O texto diz que a estrela que em Jerusalém tinha desaparecido do céu, reaparece quando eles deixam a cidade e seu templo e os conduz a Belém. Deus se encontra na casa da periferia, na gruta que não tem portas nem muros. Adorar é admirar-se, é reconhecer o divino no humano, em todo ser humano, mas especialmente no mais pequenino e pobre.

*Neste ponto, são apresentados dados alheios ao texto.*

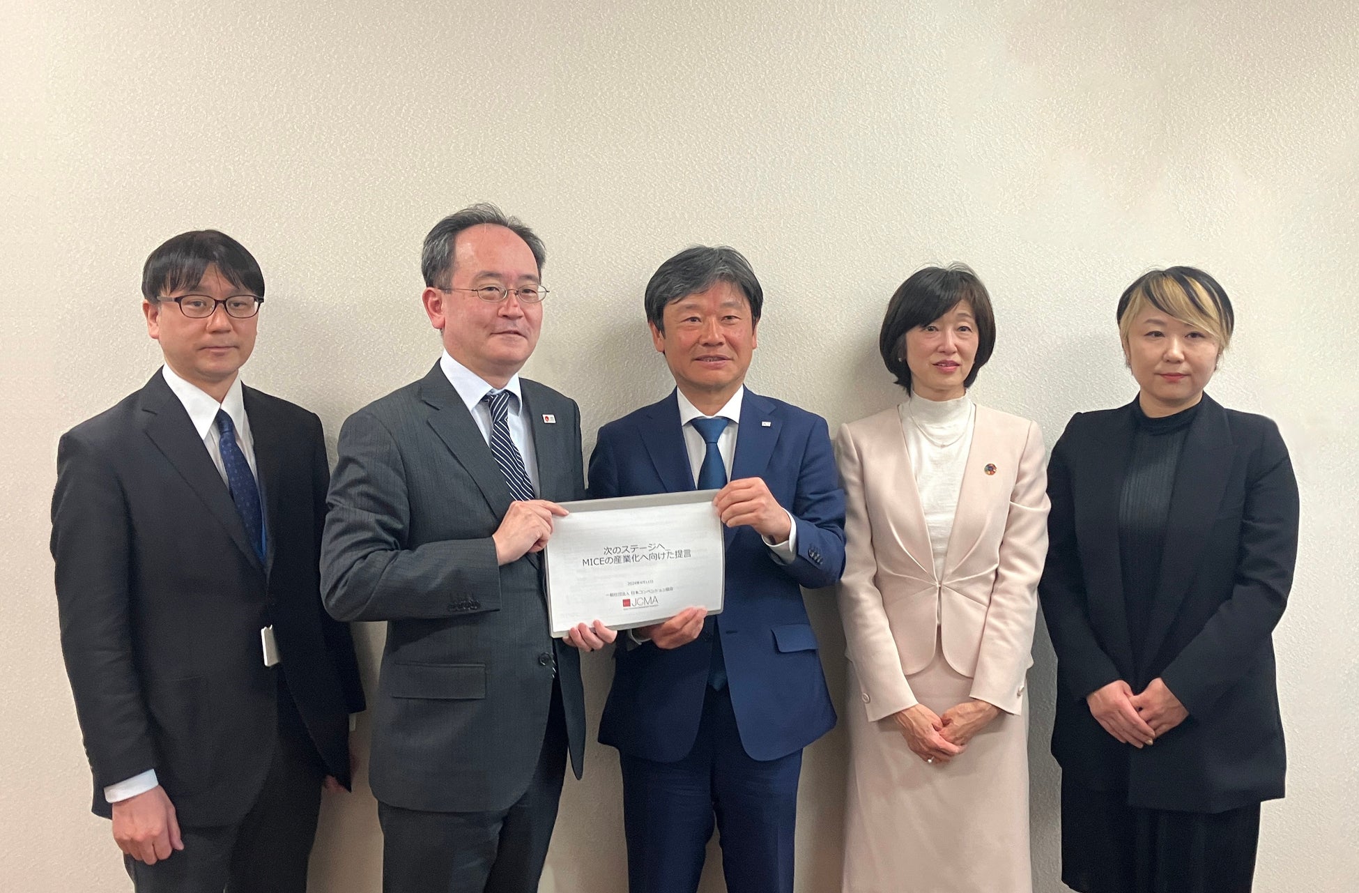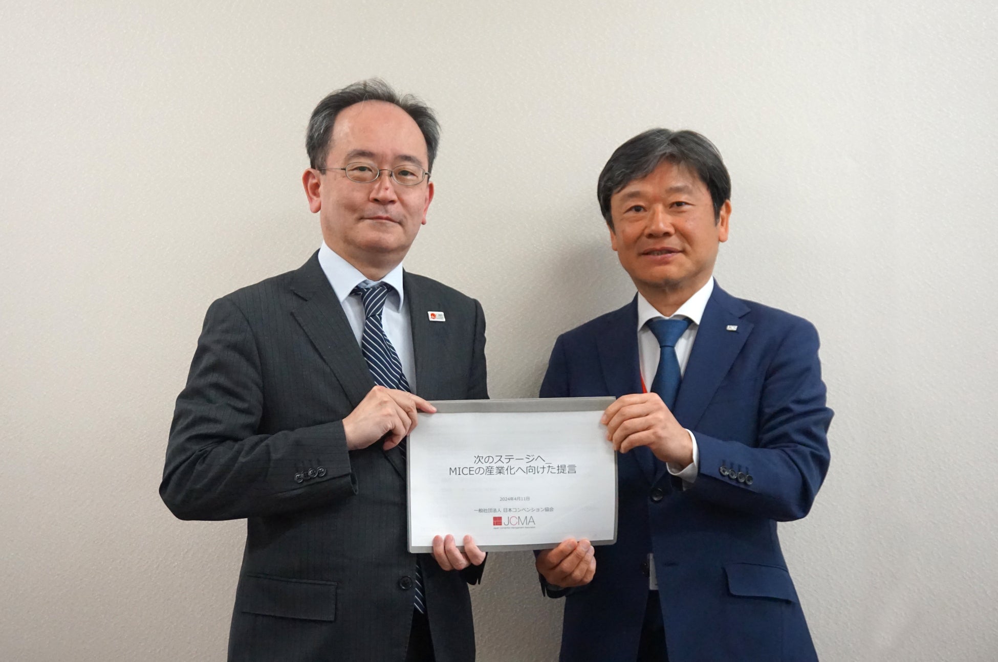 2024年4月11日、(一社)日本コンベンション協会(JCMA)では、近浪 弘武 代表理事をはじめとする理事が観光庁を訪問し、星野 光明 国際観光部長へ「次のステージへ_MICEの産業化へ向けた提言」を提出しました。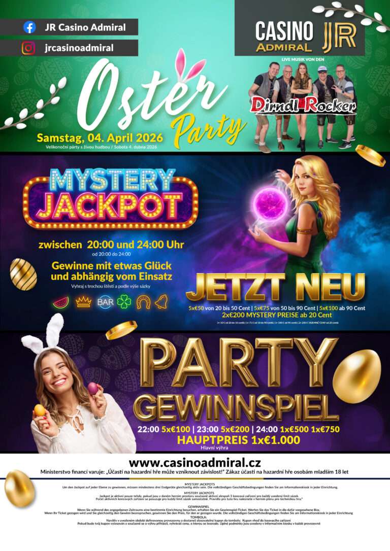 Casino ADMIRAL JR (former Blaues Casino) offers an elegant and stylish design. Let yourself be enchanted on two levels by a fascinating ambience, with great attention to detail, enchant and experience a casino like in a picture book. Play or try the latest and most exciting games on our 382 slot machines Good luck at one of our 12 live game tables. Here we offer all casino classics like Roulette, Blackjack, Ultimate Texas Holdem and Russian Poker. Take advantage of our large and cozy dining area during a break and let yourself be pampered. Less than an hour north of Vienna, Casino ADMIRAL JR is located directly at the border crossing Kleinhaugsdorf.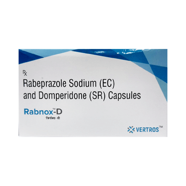 Rabnox-D Capsule SR is a combination of two medicines: Domperidone and Rabeprazole. This combination is used to treat acidity and heartburn or gastroesophageal reflux disease (GERD); a condition where the acid in the stomach flows back up into the food pipe (esophagus). It is also used to treat gastric and duodenal ulcers. Domperidone helps to control vomiting by increasing the movement of the gut, allowing the food to move more easily through the stomach.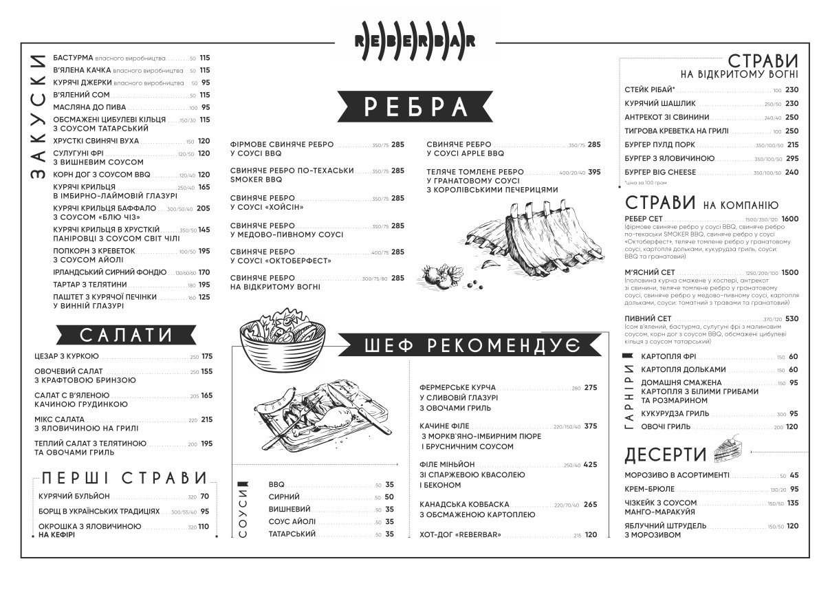 Фірмове блюдо закладу - це ребра. Їх в меню кілька позицій - на будь-який смак. І вибір страв може задовольнити не тільки любителів такої поживної їжі. З напоїв акцент в REBERBAR зроблений на пиві.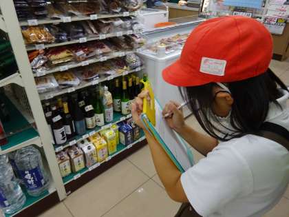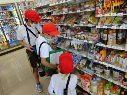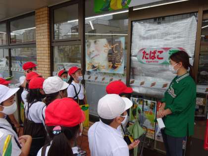 今日は3年生が、学校近くのコンビニへ社会見学に出かけました。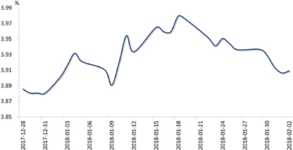 债券市场:上周,受市场流动性宽松、一级市场配置需求旺盛、1月制造业PMI低于预期的影响,债市延续暖势,但美债收益率持续大涨,加之严监管下市场交投谨慎,债券收益率下行空间有限。截至上周五,10年期国债收益率较前一周小幅下行3BP至3.91%。
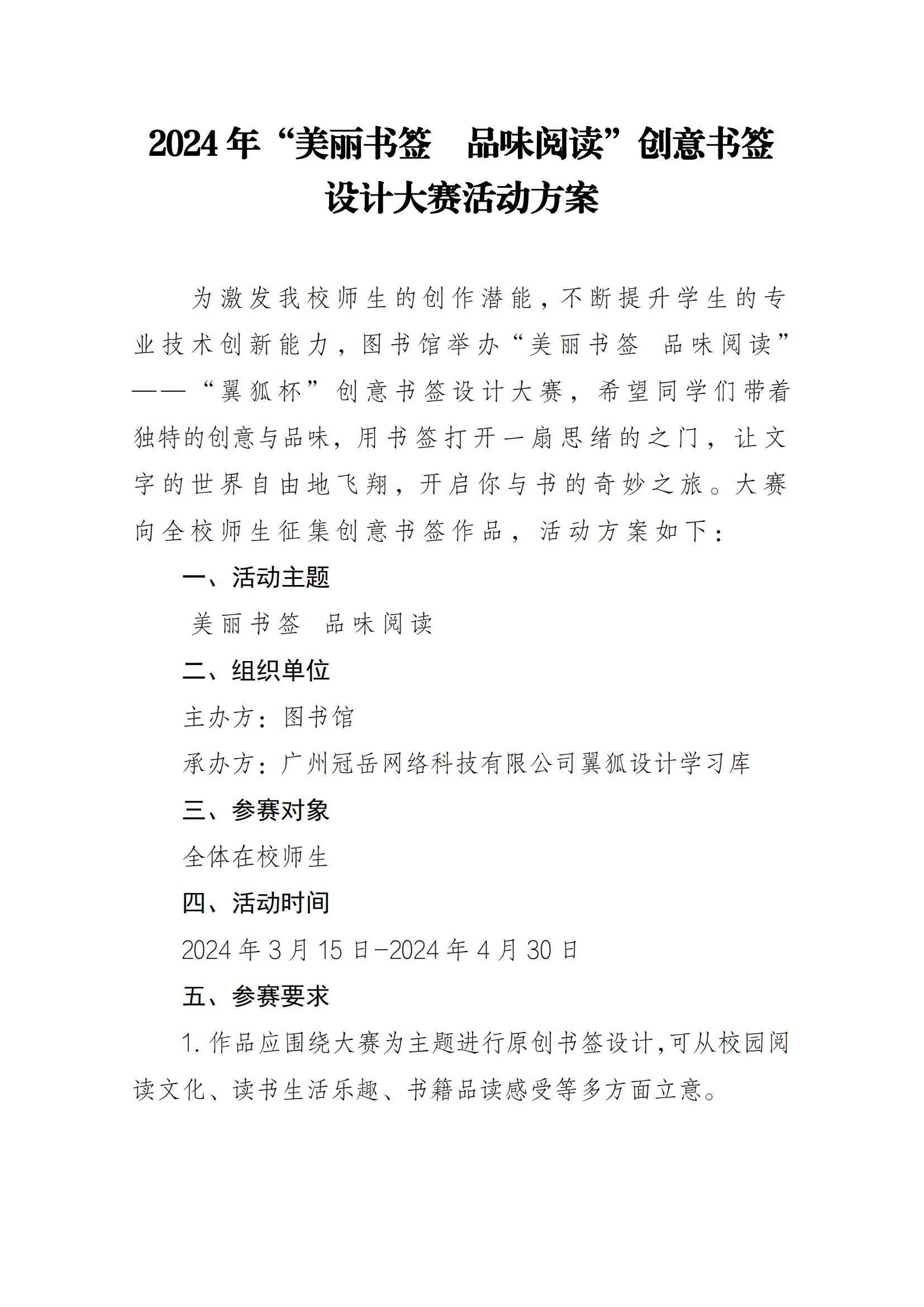 2024年“美丽书签 品味阅读”创意书签设计大赛活动方案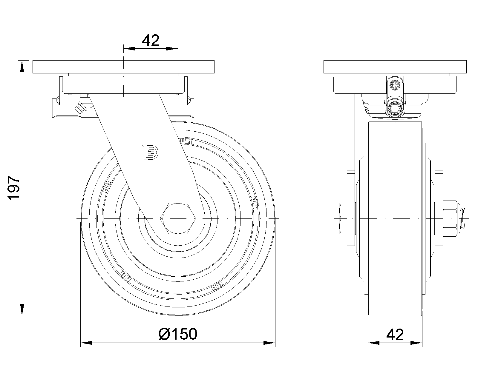 | Bánh xe QPU (nâu phẳng) Đường kính bánh xe × Chiều rộng bánh xe 150 x 42mm |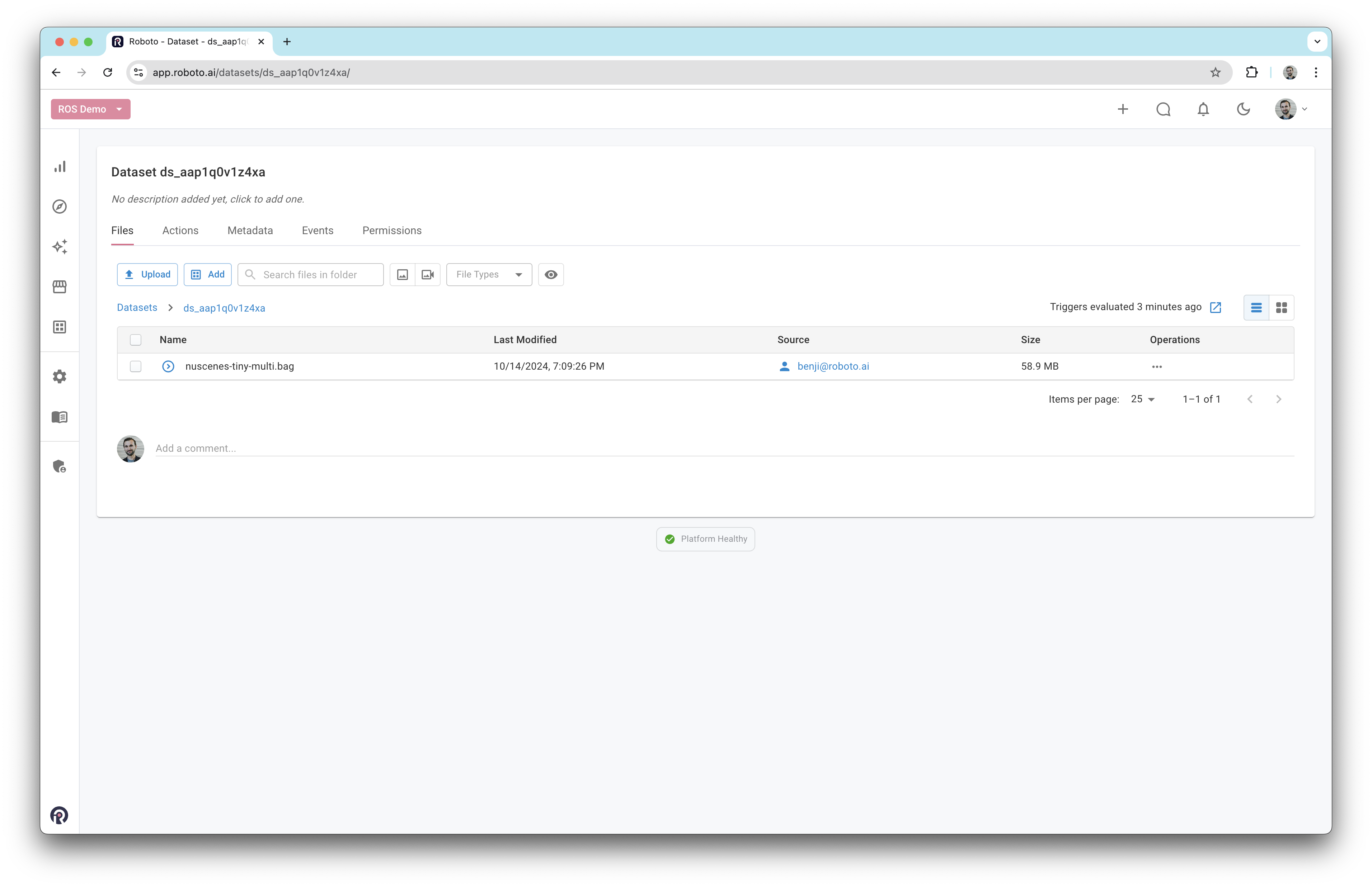 Once created, download this sample log (nuscenes-tiny-multi.bag) and upload it to your Roboto dataset. This is a ROS bag file, but you can use other ingestable log formats too, such as a PX4 ULog.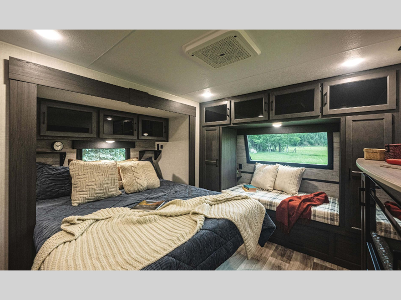 A PVC roof membrane covers protects the top of these units and a heated and enclosed underbelly protects the bottom. The RV airflow A/C system increases the 15,000 BTU air flow by an average of 40% for an improved performance, faster cooling time, and reduction of noise. You will also appreciate the 200W solar panel for off-grid capabilities, and the leveling system will have you set up at camp in no-time!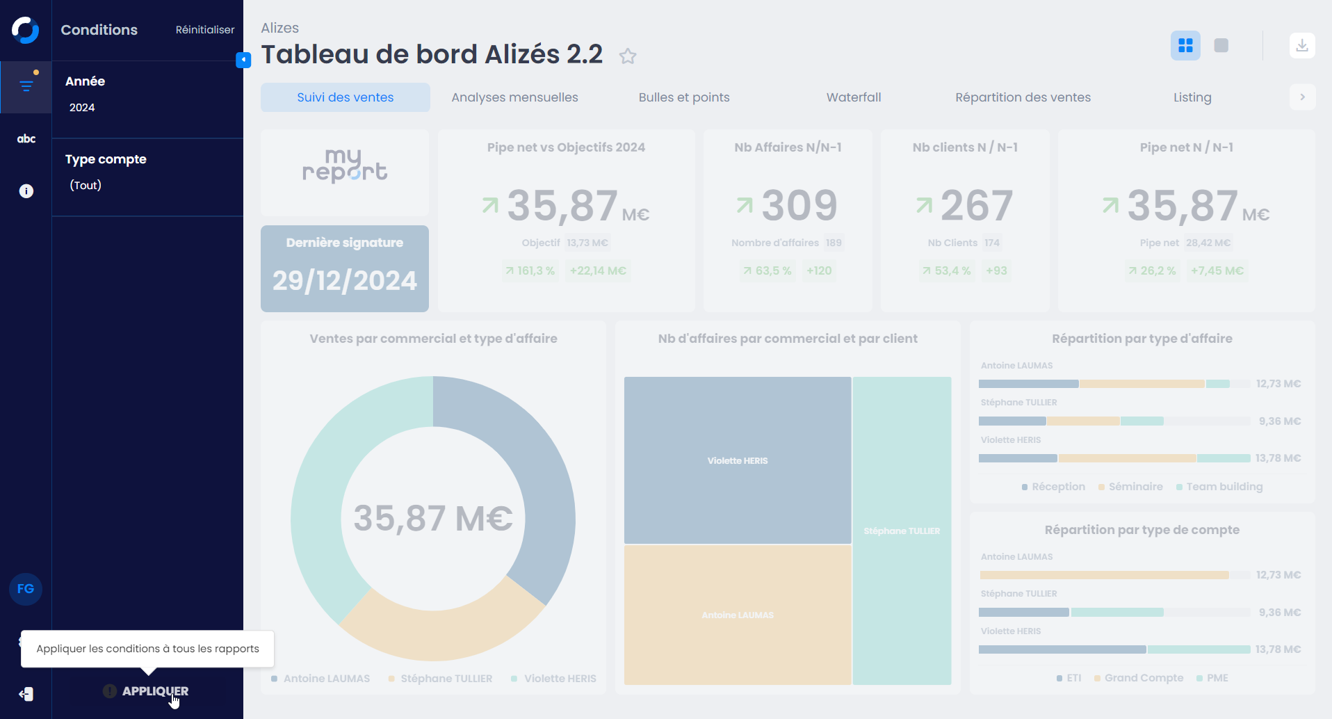Lors de la création du Tableau de bord avec Page, son créateur a pu décocher l'option "Calcul automatique" des conditions. Dans ce cas, après avoir sélectionné une ou plusieurs conditions dans MyReport Center, vous devrez cliquer sur le bouton Appliquer pour appliquer vos choix aux rapports concernés. Nota : Le bouton Appliquer dans les conditions dans MyReport Center ne s'affiche que si le tableau de bord contient au minimum deux conditions. Nous vous conseillons cette option uniquement pour des raisons de performance sur des tableaux de bord ayant un grand nombre de conditions et de rapports.

Os presentes dos magos são simbólicos dos presentes que devemos dar a todo ser humano, como sendo dados a Jesus. Ao oferecer a Jesus o ouro, os magos profetizam o reconhecimento da dignidade e do valor inestimável de todo ser humano, ali representado no menino de Belém. Toda criança merece que se ponham a seus pés toda a riqueza do mundo. O incenso significa o desejo de que a vida dessa criança desabroche e se eleve até Deus. Todo ser humano é chamado a ser divino, a se divinizar. A mirra é medicamento para aliviar os sofrimentos e significa que todo ser humano é frágil e merece cuidado. O menino de Belém é símbolo de que Deus introduz no mundo uma nova magia: fazer história a partir dos pequeninos. É esse caminho que devemos retomar e reacender como luz da estrela nas estradas da vida.